[OT] The Usual Arithmetic Confusions
Walter Bright
newshound2 at digitalmars.com
Sat Feb 5 08:47:52 UTC 2022
On 2/4/2022 7:48 PM, Adam D Ruppe wrote:
> On Saturday, 5 February 2022 at 02:43:27 UTC, Walter Bright wrote:
>> We considered that and chose not to go that route, on the grounds that we were
>> trying to minimize invisible truncation.
>
> I know how D works. I know why it works that way. Hell, I implemented part of
> the VRP code in dmd myself and have explained it to who knows how many new users
> over the last 15 years.
>
> What I'm telling you is *it doesn't actually work*.
>
> These forced explicit casts rarely prevent real bugs and in exchange, they make
> the language significantly harder to use and create their own problems down the
> line.
>
> Loosening the rules would reduce the burden of the many, many, many false
> positives forcing harmful casts while keeping the spirit of the rule. It isn't
> just *invisible* truncation you want to minimize - it is *buggy* invisible
> truncation.
>
> You want the compiler (and the casts) to call out potentially buggy areas so
> when it cries wolf, you actually look for a wolf that's probably there.

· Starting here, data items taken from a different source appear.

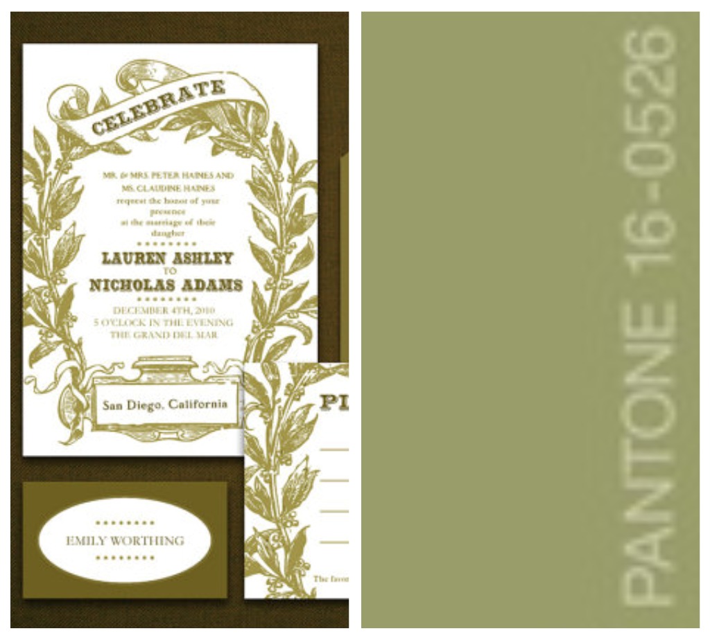 credits – color chart: Pantone / glass centerpiece: Kristyn Hogan Photography / dress: Macy’s / burlap votive: Whispering Pines Catalog / invitation: Benign Objects
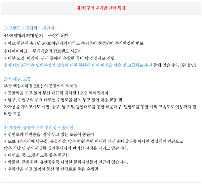 대연3구역 재개발 간략한 특징을 간략히 정리 해드립니다.
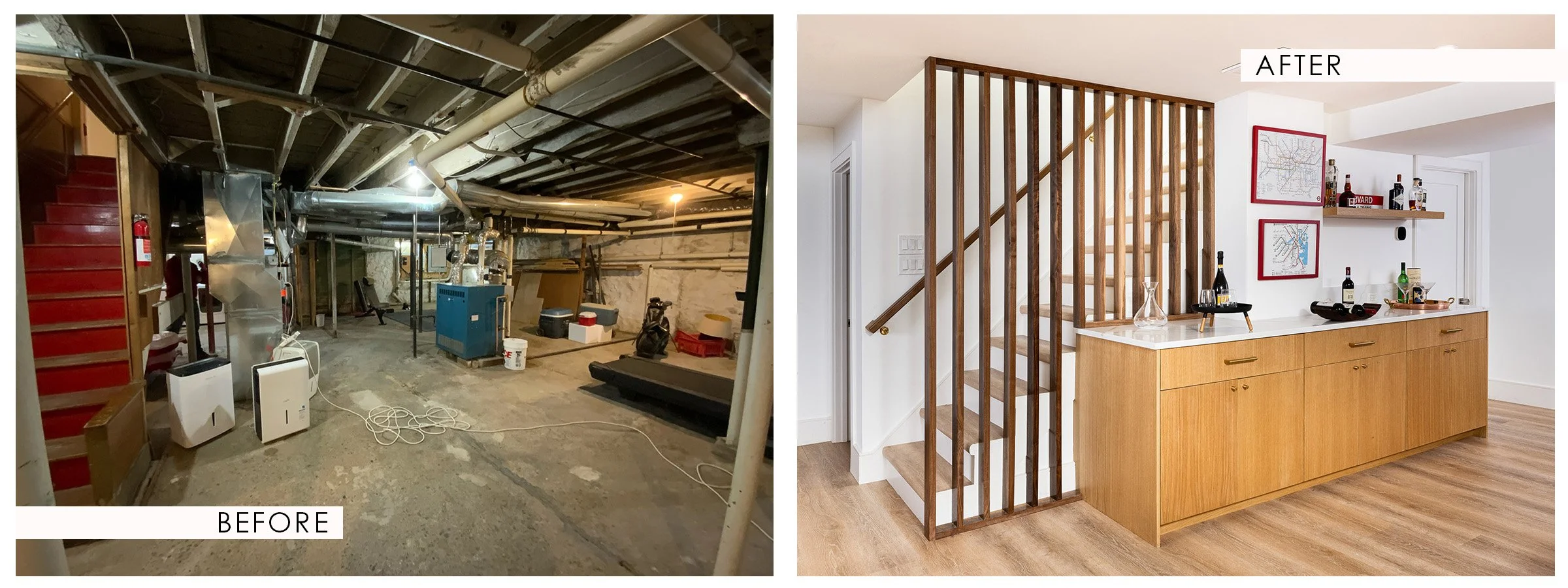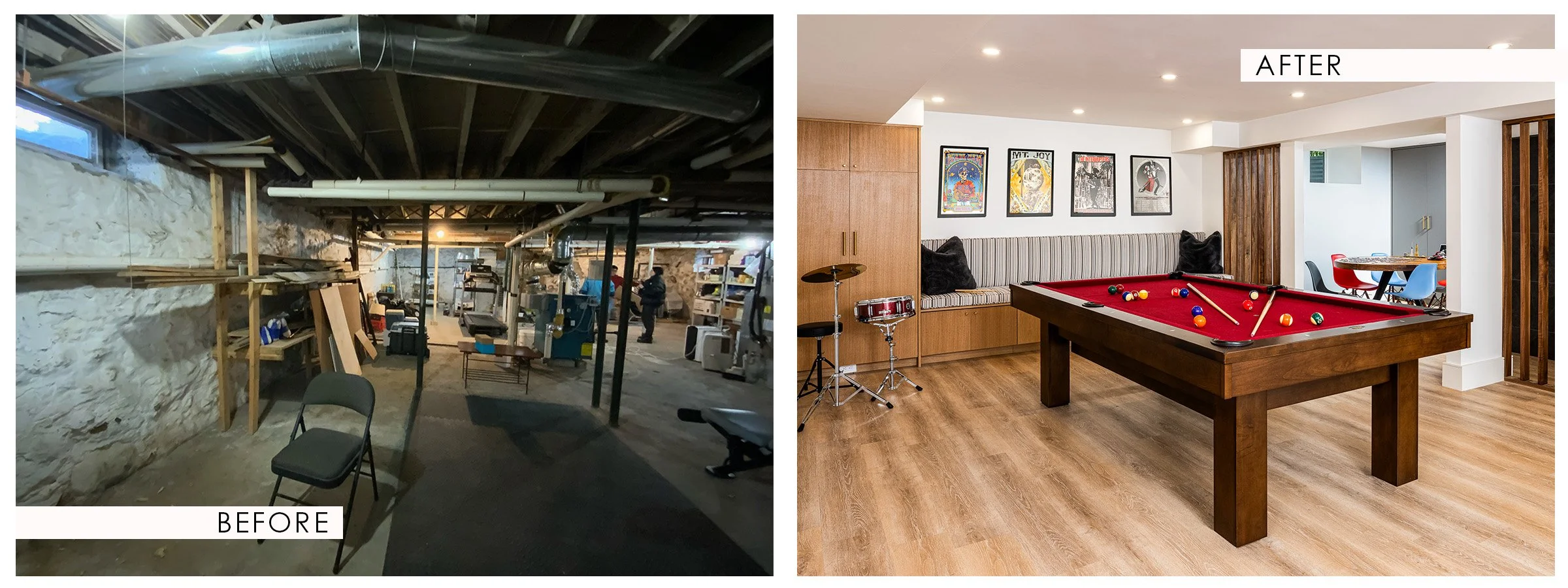 A complete transformation turned the once unfinished basement of this Victorian home into a Scandinavian-inspired recreational retreat. Clean lines and natural materials, create a bright and inviting atmosphere. The new layout features distinct zones, including a game space, movie lounge, pool table, bar, gym, half bath, and ample storage, offering both function and relaxation. Thoughtful lighting and finishes highlight the balance of modern comfort within a historic home. Beyond the basement, the renovation introduced a new two-car garage and an adjacent outdoor entertaining area with a spacious patio, extending the home’s lifestyle opportunities inside and out.

I use D all day every day, the time, and I don't seem to be having these
problems. I did a:
grep -w cast *.d
across src/dmd/*.d, and found hardly any casts to short/ushort that would fall
under the forced cast category you mentioned. Granted, maybe your style of
coding is different.
Doing the same grep across phobos/std/*.d, rather little of it which I have
written, I found zero instances of forced cast to short/ushort.
As for "rarely", these kinds of bugs are indeed rare, but can be invisible yet
significant. It's just the sort of thing we want to catch.